For example in JDK < 8, the Rhino javascript engine had the 'instructionCount' callback mechanism, which is not present in Nashorn. It basically gives you a way to execute logic in a callback that is automatically called every x instructions (bytecode instructions!). I first tried (and lost a lot of time) to mimic the instructionCount idea with Nashorn, for example by prettifying the script first (because people could write the whole script on one line) and then injecting a line of code in the script that triggers a callback. However, that was 1) not very straightforward to do 2) one would still be able to write an instruction on one line that runs infinitely/uses a lot of memory.

Being stuck there, the search led us to the Rhino engine from Mozilla. Since its inclusion in the JDK a long time ago it actually evolved further on its own, while the version in the JDK wasn't updated with those changes! After reading up the (quite sparse) Rhino docs, it became clear Rhino seemed to have a far richer feature-set with regards to our use case. 

The ClassFilter from Nashorn matched the 'ClassShutter' concept in Rhino. The cpu and memory problem were solved using the callback mechanism of Rhino: you can define a callback that is called every x instructions. This means that one line could be hundreds of byte code instructions and we get a callback every x instructions .... which make it an excellent candidate for monitoring our cpu and memory usage when executing the script. 
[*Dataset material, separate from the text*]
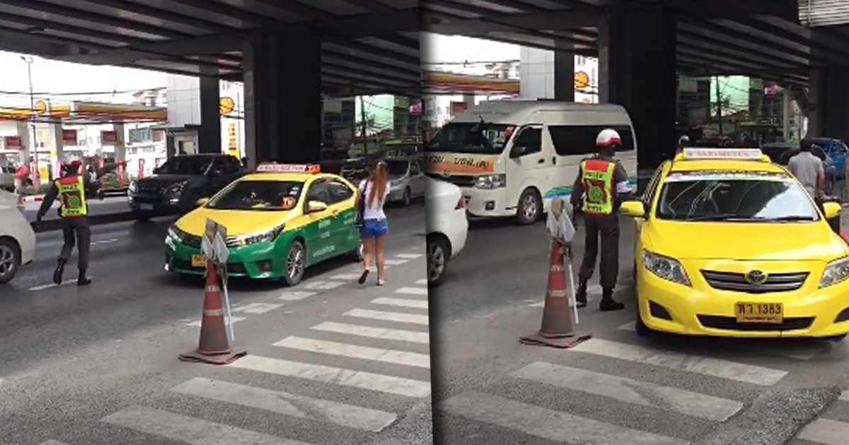 ตำรวจจราจรยืนโบกแท็กซี่ใต้สถานีรถไฟฟ้าอุดมสุข เรียกทุกคันที่ขับผ่านให้จอดแวะ ป้องกันแท็กซี่เลือกรับลูกค้า ชาวเน็ตซึ้งน้ำใจปรบมือชื่นชมรัว ๆ

If you are interested in our implementation of these ideas in the code, have a look here.

This does mean that whatever JDK version you are using, you will not be using the embedded javascript engine, but always Rhino.

Trying it out


To use the new secure scripting feature, add the following depdendency:

<dependency>
  <groupId>org.activiti</groupId>
  <artifactId>activiti-secure-javascript</artifactId>
  <version>5.21.0</version>
</dependency>

This will transitevly include the Rhino engine. This also enables the SecureJavascriptConfigurator, which needs to be configured before creating the process engine:

SecureJavascriptConfigurator configurator = new SecureJavascriptConfigurator()
  .setWhiteListedClasses(new HashSet<String>(Arrays.asList("java.util.ArrayList")))
  .setMaxStackDepth(10)
  .setMaxScriptExecutionTime(3000L)
  .setMaxMemoryUsed(3145728L)
  .setNrOfInstructionsBeforeStateCheckCallback(10);

ProcessEngine processEngine = new StandaloneInMemProcessEngineConfiguration()
  .addConfigurator(configurator)
  .buildProcessEngine();

This will configure the secure scripting to

  • Every 10 instructions, check the CPU execution time and memory usage
  • Give the script 3 seconds and 3MB to execute
  • Limit stack depth to 10 (to avoid recursing)
  • Expose the array list as a class that is safe to use in the scripts

Running the script from above that tries to read the ifconfig and shut down the JVM leads to:

TypeError: Cannot call property getRuntime in object

[JavaPackage java.lang.Runtime]. It is not a function, it is "object".

Running the infinite loop script from above gives

Exception in thread “main” java.lang.Error: Maximum variableScope time of 3000 ms exceeded

And running the memory usage script from above gives

Exception in thread “main” java.lang.Error: Memory limit of 3145728 bytes reached

And hurray! The problems defined above are solved 🙂

Performance

I did a very unscientific quick check … and I almost didn’t dare to share it as the result go against what I assumed would happen. I created a quick main that runs a process instance with a script task 10000 times:

 public class PerformanceUnsecure { public static void main (String[] args) { ProcessEngine processEngine = new StandaloneInMemProcessEngineConfiguration().buildProcessEngine(); RepositoryService repositoryService = processEngine.getRepositoryService(); repositoryService.createDeployment().addClasspathResource("performance.bpmn20.xml").deploy(); Random random = new Random(); RuntimeService runtimeService = processEngine.getRuntimeService(); int nrOfRuns = 10000; long total = 0; for (int i=0; i<nrOfRuns; i++) { Map<String, Object> variables = new HashMap<String, Object>(); variables.put("a", random.nextInt()); variables.put("b", random.nextInt()); long start = System.currentTimeMillis(); runtimeService.startProcessInstanceByKey("myProcess", variables); long end = System.currentTimeMillis(); total += (end - start); } System.out.println("Finished process instances : " + processEngine.getHistoryService().createHistoricProcessInstanceQuery().count()); System.out.println("Total time = " + total + " ms"); System.out.println("Avg time/process instance = " + ((double)total/(double)nrOfRuns) + " ms"); } } 

The process definition is just a start -> script task -> end. The script task simply adds to variables and saves the result in a third variable.

<scriptTask id="myScriptTask" scriptFormat="javascript">
  <script>
    var c = a + b;
    execution.setVariable('c', c);
  </script>
</scriptTask>

I ran this five times, and got an average of 2.57 ms / process instance. This is on a recent JDK 8 (so Nashorn).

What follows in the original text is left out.